Michigan has spent years, across administrations and legislatures, building something worth protecting. Yet we do not fully understand what we are about to lose.

As someone who has served in the state Legislature and in Congress and worked through difficult budget and policy decisions, I know the difference between a truly constrained environment and a preventable loss.

studio head and shoulders shot of a man smiling
Mark Schauer represented Michigan’s 7th Congressional District from 2009 to 2011 and was the Democratic nominee for governor of Michigan in 2014. He currently serves on the board of Planned Parenthood of Michigan. (Courtesy photo)

Planned Parenthood of Michigan is currently the largest Title X provider in the state and a leading deliverer of sexual and reproductive health care. More than 30,000 Michiganders rely on its Title X-funded services every year for birth control, cancer screenings that detect disease early, STI testing and treatment and other essential preventive care that keeps people healthy and out of emergency rooms.

Planned Parenthood of Michigan is often the only accessible provider, particularly for people with low incomes, in rural communities, in medically underserved areas, and LGBTQ Michiganders who have found in Planned Parenthood of Michigan a trusted and affirming place to receive care.
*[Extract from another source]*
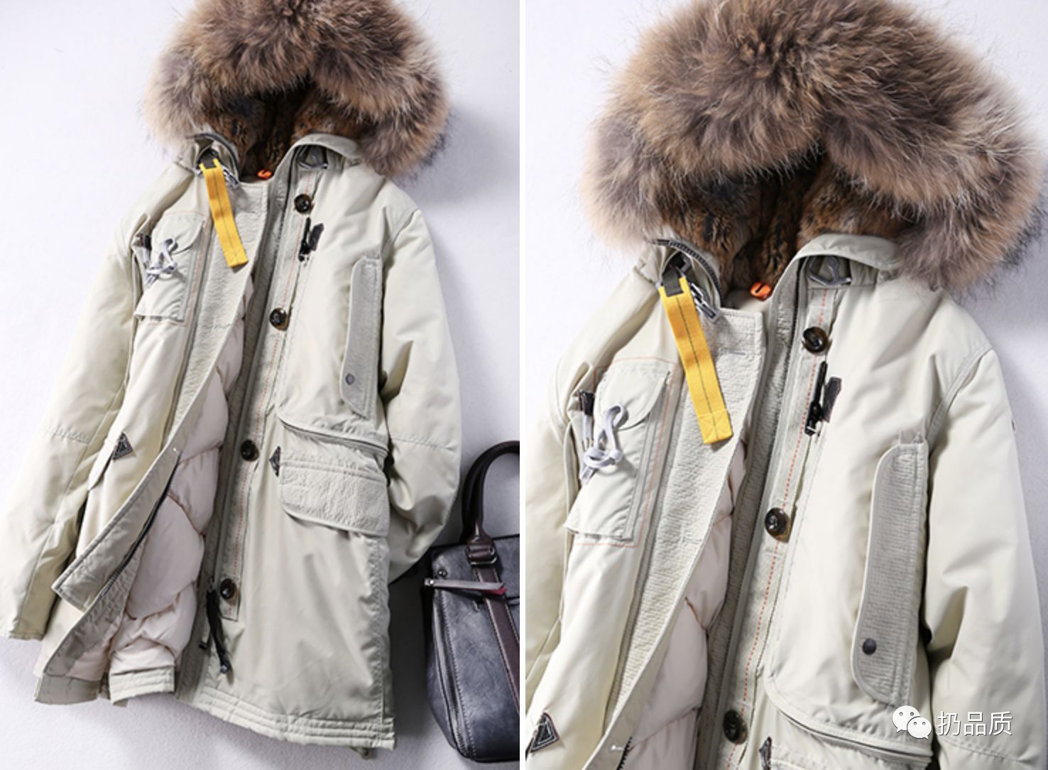 配置就是防风面料(重)90%充绒量,貉子毛领

The federal government under President Trump has made its position clear. Already, providers like Planned Parenthood of Michigan have been excluded from Medicaid reimbursement. Federal Title X funding is no longer stable or reliable, and the loss of federal support has created a significant and growing funding gap. A federal gag rule and additional restrictions remain likely. The combined impact represents a $7 million to $8 million structural deficit for an organization that has already closed health centers, reduced its workforce, and stretched every dollar to keep serving patients through this crisis.

These are not discretionary funds. They are reimbursements for care already delivered to patients who could not otherwise afford it. When these funds disappear, the ability to provide that care disappears with them. Philanthropic support is not optional; it is essential to our operations. But even with the generosity of our donors, no amount of private giving can replace government reimbursement at this scale. No donor base can substitute for the systematic defunding of a public health infrastructure.
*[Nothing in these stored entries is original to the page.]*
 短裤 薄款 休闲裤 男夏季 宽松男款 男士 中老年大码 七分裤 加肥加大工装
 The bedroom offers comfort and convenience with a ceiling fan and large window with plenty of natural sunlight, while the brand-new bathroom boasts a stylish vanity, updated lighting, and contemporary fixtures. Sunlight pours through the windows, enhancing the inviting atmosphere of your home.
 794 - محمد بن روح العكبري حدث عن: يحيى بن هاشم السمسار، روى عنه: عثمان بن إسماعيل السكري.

When health care infrastructure disappears from communities, it does not come back quickly or easily, and the people who suffer most are those who were already facing the greatest barriers to care.
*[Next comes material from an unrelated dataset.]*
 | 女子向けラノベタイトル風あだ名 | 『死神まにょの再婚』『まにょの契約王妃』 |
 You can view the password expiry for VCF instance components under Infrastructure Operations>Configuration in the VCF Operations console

Michigan has been a national leader in reproductive health access. Governor Whitmer and many in the Legislature have fought hard to build and protect that reputation. Michigan voters enshrined reproductive freedom in the state constitution, and the legislature passed landmark reproductive freedom legislation. Michigan joined the legal fight against federal defunding. These were not small things. They were acts of real political courage on behalf of people who count on us for care.

But political courage in the Legislature and the courts is only part of the story.

I have been in rooms where decisions like this get made, and I know they are possible when there is leadership willing to make them. In other states, leaders have already moved to stabilize funding for providers using administrative authority or legislative action. Michigan can do the same. The mechanisms are there, and the remaining question is whether leaders will act. These are the kinds of decisions that ultimately come down to priorities.

What is at stake is not abstract. It is whether tens of thousands of Michiganders will continue to have access to basic, preventive health care, including cancer screenings, birth control, and STI treatment, in the communities where they live.

If Planned Parenthood of Michigan is forced to close more health centers or scale back services further, that access does not simply shift elsewhere. It disappears, and the impact will be felt in missed cancer screenings, untreated infections, gaps in birth control access, and delayed care that leads to more serious and more costly health issues over time.

As the state moves through its budget process, time is not a luxury. The window to act is closing, and every week of delay has consequences for the patients who depend on this care.

We have built something worth protecting. Political will alone is not enough. If that action is not taken in this budget cycle, vital health care infrastructure will be lost, and it will not come back quickly or easily.